Клеточников продолжал оставаться в тени, жалованье себе не выпрашивал, любопытства не проявлял, обедал в кухмистерской, компании ни с кем не водил — знал, что жандармы на первых порах проверяют его. Такая удача и не снилась подпольщикам. Теперь важно было, чтобы Клеточникова никто не разоблачил неосторожным словом, случайной встречей. Михайлов всячески его оберегал.
Для свиданий с Николаем Васильевичем была снята легальная квартира. Кроме Михайлова и на случай его провала — Баранникова, ее никто не посещал.
Революционеры могли вздохнуть спокойно — их жизнь, их свобода надежно оберегались.
Николай Васильевич стал «ангелом-хранителем», добровольно наложив на себя печать Каина.
* * *Между тем в обществе «Земля и воля» дело шло к расколу.
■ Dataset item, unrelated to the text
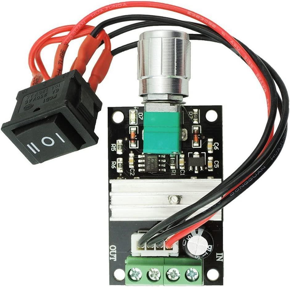 6V 12V 24V 28V 3A 80W Switch PWM Speed Controller The 1203BB DC Motor Speed Controller controls the speed of a Pulse-Width-Modulated (PWM) regulating DC motor. Provides 3A continuous current for DC motor or other DC load. Also, the circuit includes a 3A fuse. Characteristics Material: metal. Size: 5*3.2*1.5cm. Input voltage range is DC 6-28V. Potentiometer with function switch. Switch cable length: 15cm. 3 position switch: 0-1-2
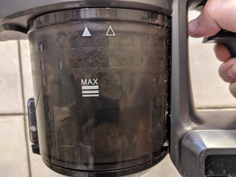 Большую часть мусора из резервуара можно вытряхнуть в ведро, не запачкав рук.

Редакторы не ладили между собой. Николай Морозов при поддержке Льва Тихомирова отпечатал своего рода добавление к органу народников — «листок «Земли и воли». В одном из таких листков появилась его статья «По поводу политических убийств». Морозов утверждал, что систематический террор — универсальное средство борьбы. О социализме ни слова.
В ответ на зверства правительства продолжались убийства.
9 февраля 1879 года Григорий Гольденберг выстрелом из револьвера прикончил харьковского губернатора князя Кропоткина.
Гольденберг любил таинственность. Его не считали умным, но никто не сомневался в его честности, преданности делу, храбрости. У него были обширные связи и много добрых друзей.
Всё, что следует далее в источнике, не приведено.